▸ **Work instructions**
Please, without any pictures, set down exactly the part of the listing below that opens with the line containing "12月15日,联诚精密(00" and closes with the line containing "Color matching dad".

▸ **Task inputs**
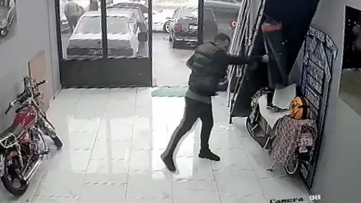 Galerici Uğur Gönül, hızını alamayarak boks torbasına yaklaşık 15-16 yumruk salladı. Darbelere dayanamayan boks torbası bir anda patlarken, parçaları ise etrafa saçıldı. Bu anlar ise iş yerinin güvenlik kamerasınca saniye saniye kaydedildi.
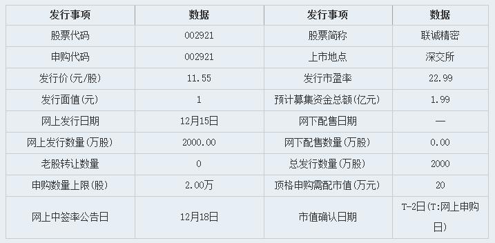 12月15日,联诚精密(002921)进行公开申购,据wind数据显示早在11月10日公司即已成功过。此次公司网上公开发行2000万股,发行价格11.55元/股,发行市盈率为22.99倍,网上发行融资额为2.31亿元。
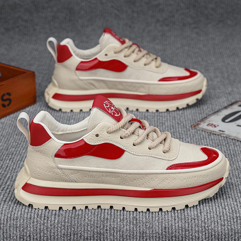 Color matching dad shoes autumn and winter new comfortable leather surface heightening retro casual
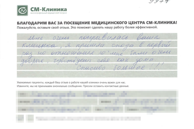 Меня зовут Антонина Костина, я руководитель службы сервиса СМ-Клиника в Санкт-Петербурге. На этой странице вы можете поделиться обратной связью о посещении медцентров нашего Холдинга. Расскажите, как прошел прием доктора, поделитесь впечатлениями о процедурах и обследованиях. Я и моя команда читаем все отзывы. Это помогает нам поддерживать качество лечения и сервиса на высоком уровне и работать над тем, чтобы пациенты были довольны. Если отзыв требует реакции со стороны клиники, мои коллеги свяжутся с вами в течение 1-2 дней.
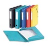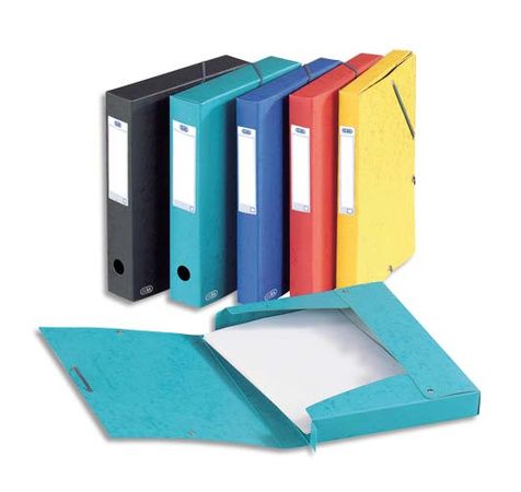 En carte grainée 7/10e, 600 g. Rabats rivetés pour une meilleure solidité. Etiquette de dos. Fermeture par élastique.
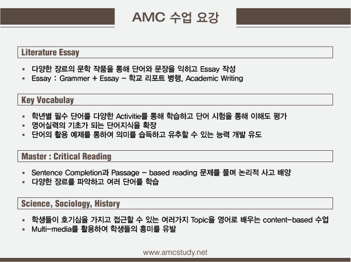 검증된 커리큘럼과 내부 자체교재 그리고 지금까지 현지 국제학교별 입학시험에서의 Essay와
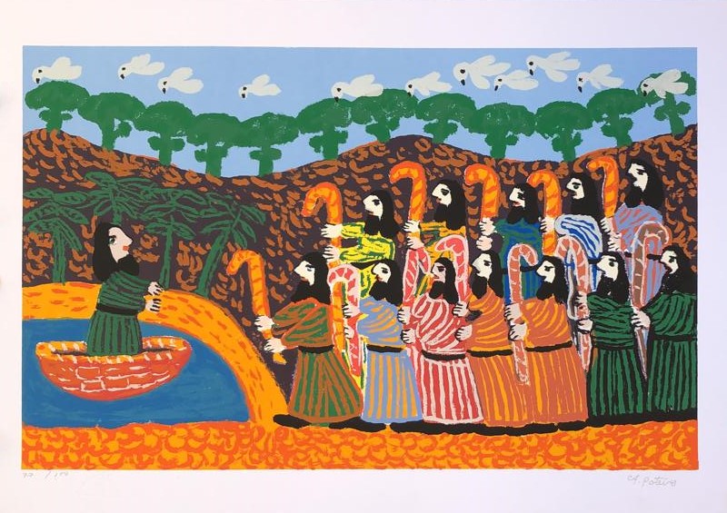 POTEIRO - Serigrafia | Título: Girassóis com Carro de Boi | Assinada: CID | edição: 103 /120 | Medidas: 70 x 70 cm
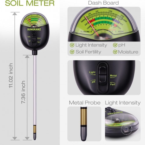 - All-in-One Soil Monitoring Tool: Designed to test soil moisture, pH level, sunlight intensity and nutrient content, this soil pH tester helps optimize plant health by giving you clear insights into soil conditions for smart, streamlined use
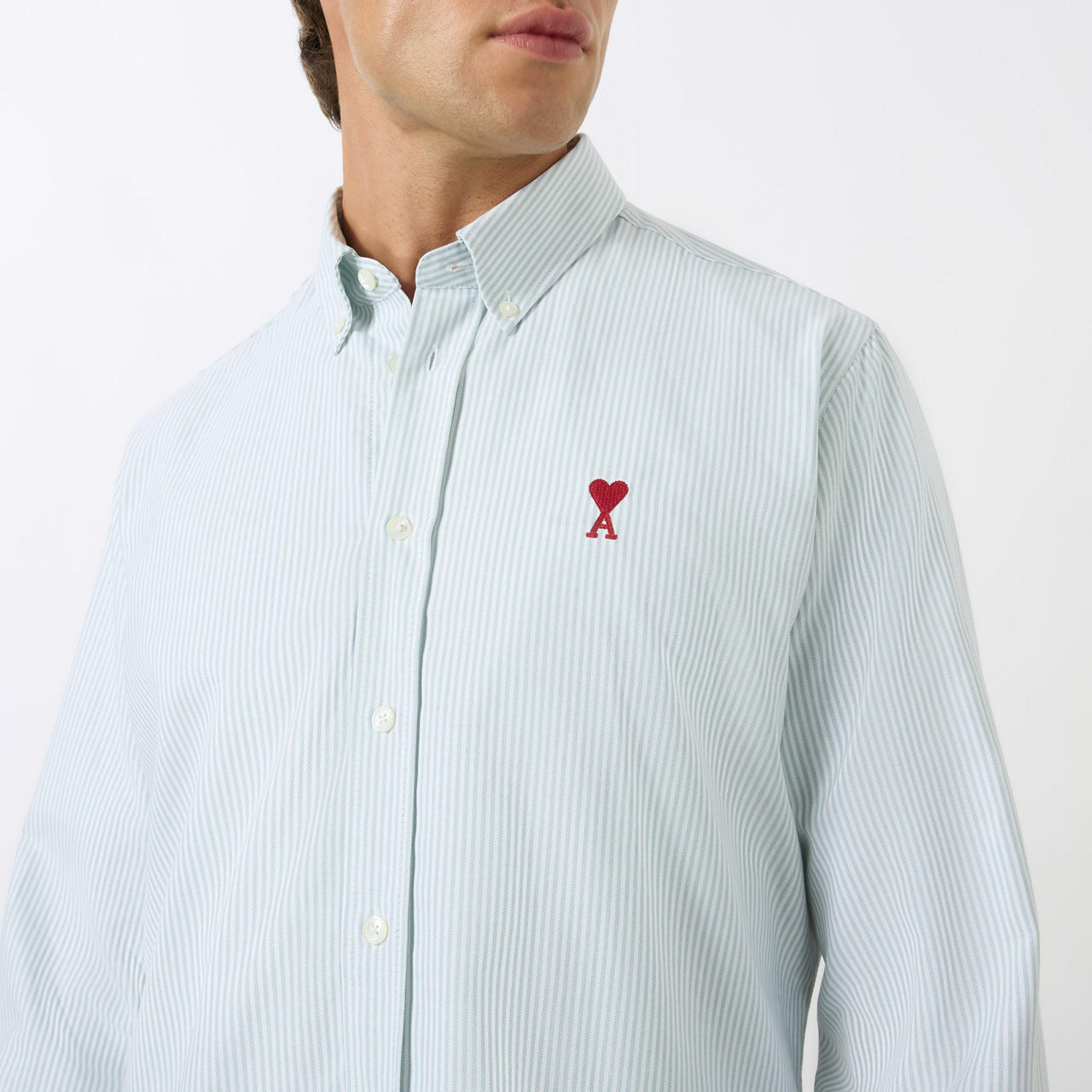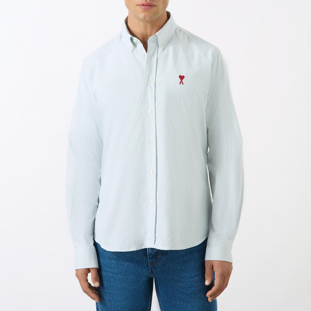 AMI ADC Logo Embroidered Striped Shirt
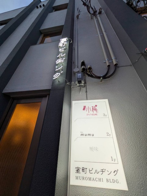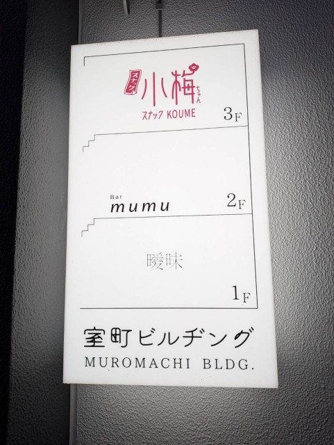 OPEN情報「室町ビルヂング」 「室町ビルヂング」がオープンしました♪♪♪ 夜喫茶、スナック、バーが入るオシャレな飲食複合ビル ☆☆☆ 1F 夜喫茶 「曖昧 AIMAI」 コーヒー、ビール、デザート、酒の肴あり 2F 立ち飲みワインバー 「mumu」17:00-1:00 定休日:月曜 3F スナック「小梅ちゃん」20:00-2:00 カラオケ有ります 0次会から二次会、三次会まで楽しく飲めるお店ばかりです!! 是非お立ち寄り下さーい!! 所在地:京都市下京区室町通高辻上る山王町575
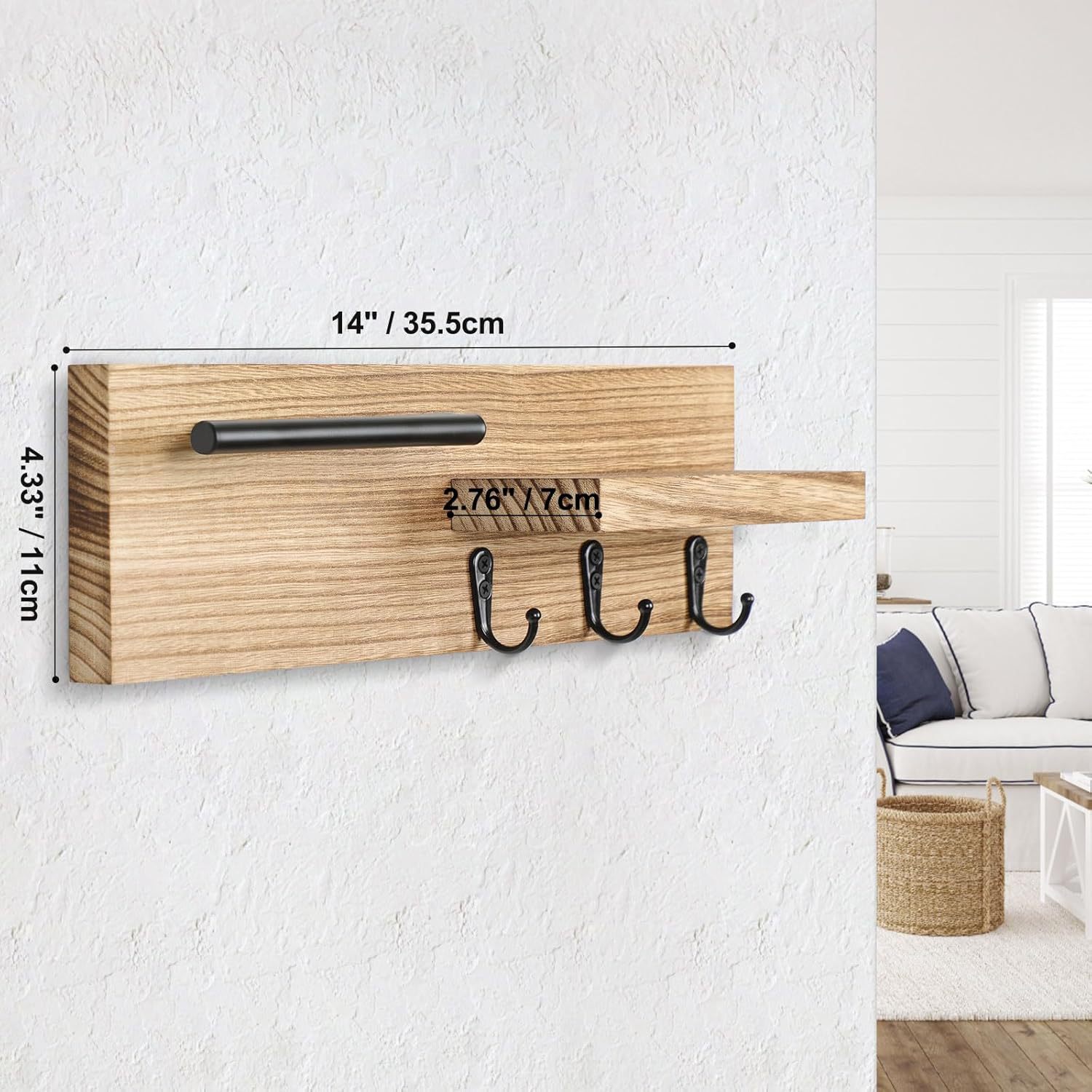 나무 키 랙 홈 입구 벽 장식 랙 침실 벽 코트 후크 나무 스토리지 랙
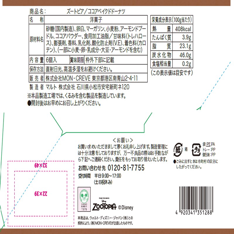 ズートピアの劇中のドーナツをイメージしたココアベイクドドーナツです。
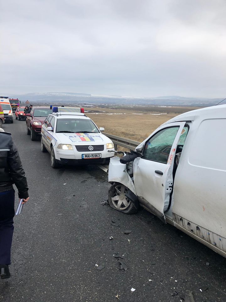 Un accident rutier s-a produs, vineri, pe DN 24, la km 85 (Sălcioara, județul Vaslui), în urma coliziunii frontale dintre un microbuz și un autoturism.
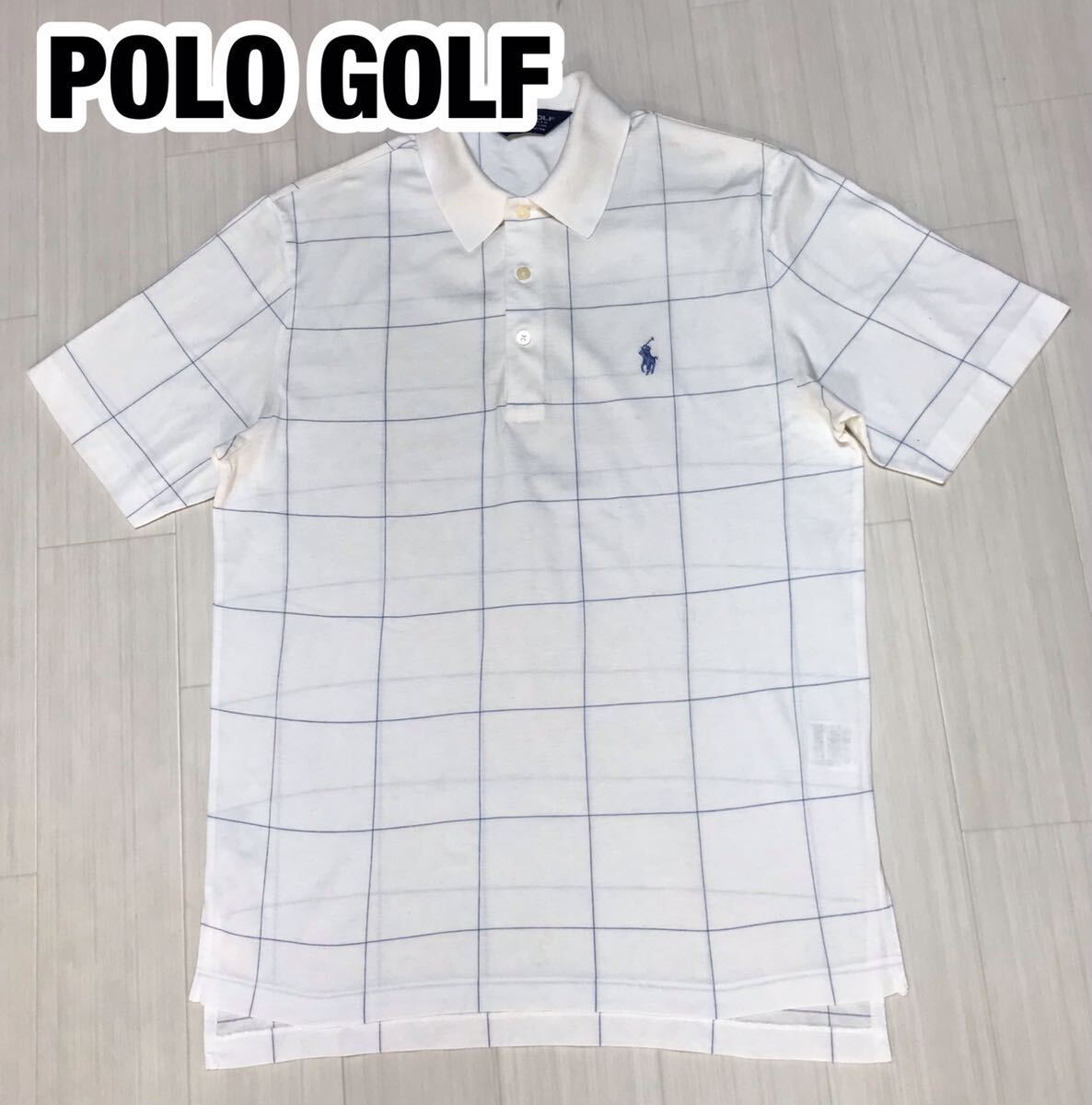 - POLO GOLF RALPH LAUREN ポロ ジーンズ ラルフローレン 半袖ポロシャツ S 孔子柄 ホワイト×ブルー 刺繍ポニー
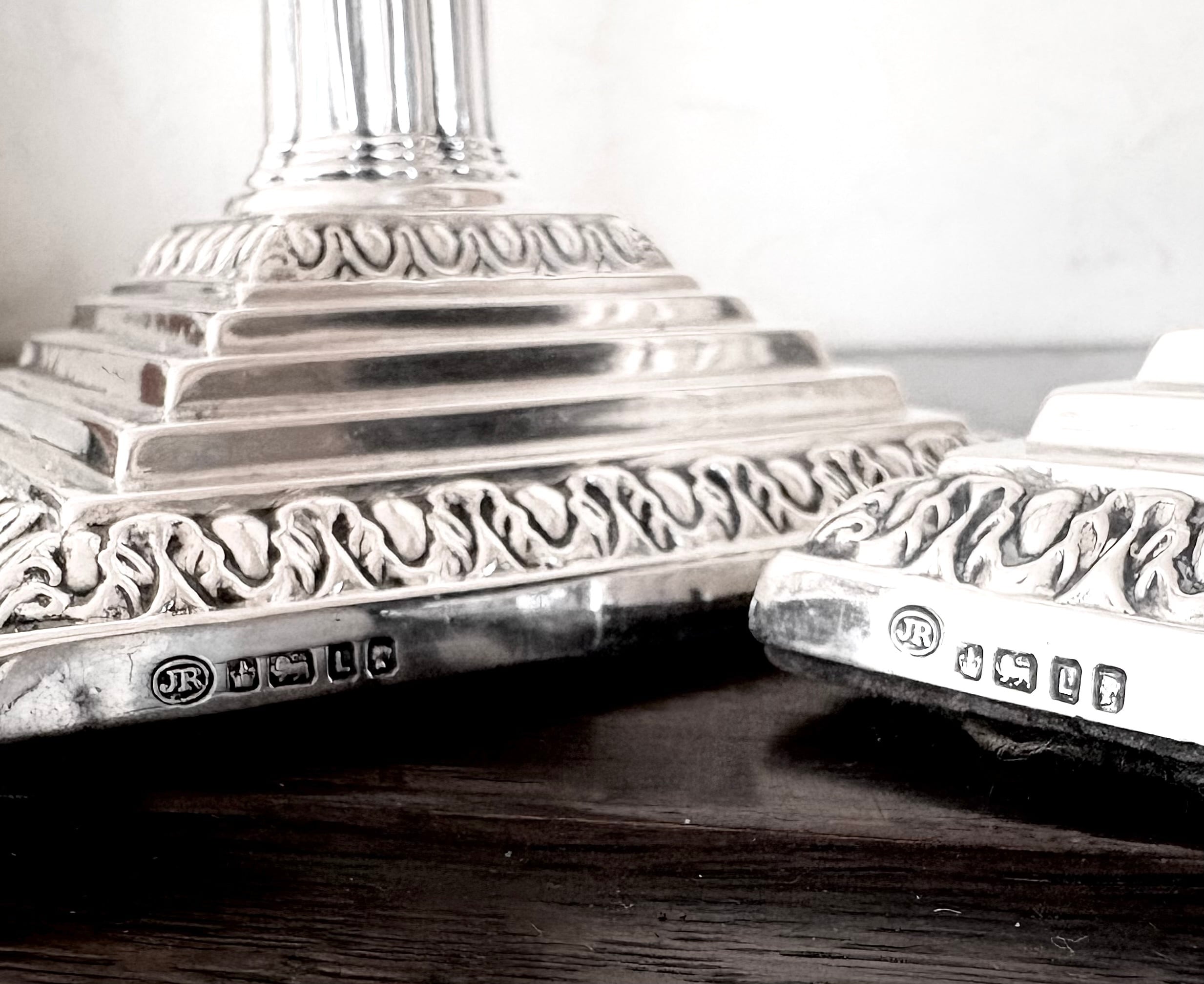 英国アンティーク支柱/コラム 台座 キャンドルスティツク スタンド ホルダー 蝋燭立 シルバー純銀461g 2点ペア シェフィールド ビクトリア期1878年 JR社製 英国雑貨 英国スタイル クリスマスキャンドル
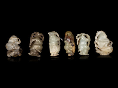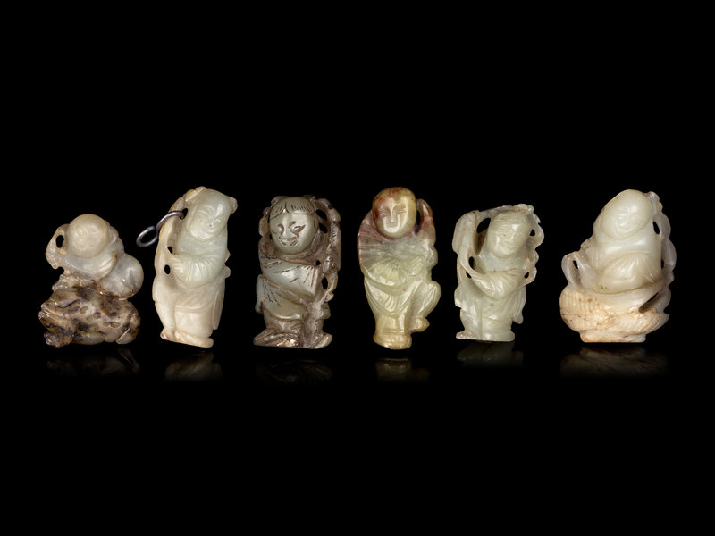 comprising one grey example, two pale celadon examples, and three celadon examples.
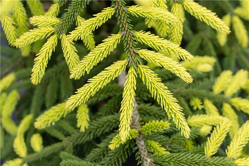 Da Nadelgehölze zu den pflegeleichten Kandidaten im Garten zählen, brauchen sie eigentlich nicht viel Pflege. Dünger und Wasser spielen aber bei allen Pflanzen eine Rolle. So kann organischer Langzeitdünger beim Einpflanzen mit in die Erde eingearbeitet werden, der den Pflanzen beim Anwachsen hilft. Auch danach kann er im Frühjahr für einen frischen Energiekick sorgen, der die Nadelgehölze pflegen und wachsen lassen kann. Wichtig zu wissen beim Düngen: Nadelgehölze vertragen keinen radikalen Rückschnitt. Wer also nicht möchte, dass die immergrünen Gartenbewohner in die Höhe und Breite schießen, der sollte sparsamer mit Dünger umgehen. Wichtig ist aber auch das Gießen. Auch, wenn Nadelgehölze einen eher kargen Boden bevorzugen, brauchen Sie doch auch ausreichend Wasser zum Wachsen. Je nach Wetterlage sollte man auch zusätzlich wässern, wenn es nicht ausreichend geregnet hat. In der Regel kommen die Nadelgehölze nach dem ersten Standjahr aber relativ gut mit dem gegebenen Wasserangebot zurecht und müssen nur bei anhaltender Trockenheit, zum Beispiel im Sommer, zusätzlich gegossen werden.

▸ **Exercise response**
 12月15日,联诚精密(002921)进行公开申购,据wind数据显示早在11月10日公司即已成功过。此次公司网上公开发行2000万股,发行价格11.55元/股,发行市盈率为22.99倍,网上发行融资额为2.31亿元。
 Color matching dad shoes autumn and winter new comfortable leather surface heightening retro casual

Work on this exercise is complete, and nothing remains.